Canoo will deliver 550 electric shuttles to Los Angeles
The relatively short statement to the press does not mention Prime Time Shuttle will invest in the deal or when the electric shuttles will be delivered. However, it says that it is a purchase agreement “over multiple years.”
Prime Time Shuttle is active in 34 US states. The Canoo shuttles will only be used in and around LA, California. However, the company has “long term plans of integrating EVs to Prime Time markets outside of California.” The statement does not specifically mention whether these EVs could also come from Canoo.
The latter has meanwhile ramped up vehicle production at its Oklahoma plant. According to the manufacturer, the first units of its Lifestyle Delivery Vehicle (LDV) models will be delivered “to key customers and partners in 2023 with increasing units in 2024. ”
The vehicle sits on a multi-purpose platform and can thus be configured based on the customers’ needs. Canoo initially planned with an annual output of 20,000 vehicles by the end of 2023.
Canoo recently received conditional funding for its vehicle and battery assembly plant. The state of Oklahoma and the Cherokee Nation agreed to provide up to 113 million dollars in subsidies – if Canoo meets its own investment and job creation targets. The manufacturer agreed to invest more than 320 million dollars in the vehicle plant as well as the Pryor battery assembly plant to create more than 1,360 jobs.

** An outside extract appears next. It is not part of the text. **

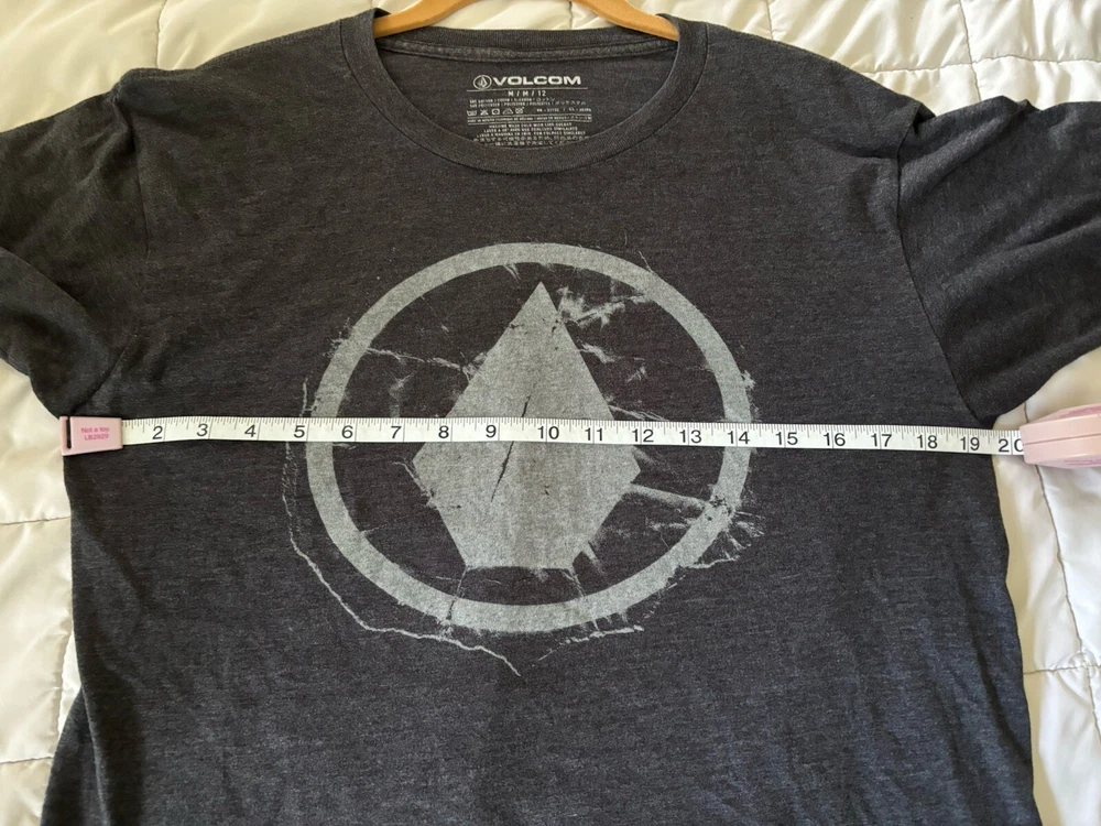 Young Men's Volcom - Size Medium/12 - tee-shirt. Color: Black & Gray 50% cotton - 50% Polyester. Measurements: Width: 19.5" Length (From armpit to bottom): 15" Very good pre-owned condition. No rips, tears, or stains. Non-smoking environment. All clothes are measured lying flat. Please check the photos for measurements and conditions. I am happy to combine shipping on multiple items. Contact me before checking out and I will combine your items. This cannot be done after you have checked out. To the best of my ability, I describe and photograph the condition and measurements of each item. Sometimes colors may be slightly different due to different computer screens, lighting, or cell phones. Be sure to check the description. Don't hesitate to ask questions also. All sales are final unless the item is not as described. Check my feedback and bid with confidence. Thank you for looking, and follow me as new items are added weekly.

Canoo has not consistently made positive headlines recently. In spring 2022, the start-up questioned its own future and admitted to financial difficulties that threatened its existence. In the summer of 2022, the company was able to land a major contract from the US retail giant Walmart. Later, however, it became known from a stock exchange announcement that Canoo had to make Walmart some expensive promises for the order – such as discounted stock options and also the obligation not to sell any vehicles to Amazon for the duration of the delivery deal and also not to let itself be taken over by the online giant.
In August, the US Securities and Exchange Commission (SEC) also fined the Californian electric car startup $1.5 million (€1.37 million) for allegedly misleading investors around the IPO. In the course of this, there were also personal consequences for the then-CEO Ulrich Kranz. According to its own investigation, the SEC considers it proven that Canoo deceived investors with unrealistic sales forecasts amounting to hundreds of millions of dollars before it went public in 2020 as part of an SPAC merger.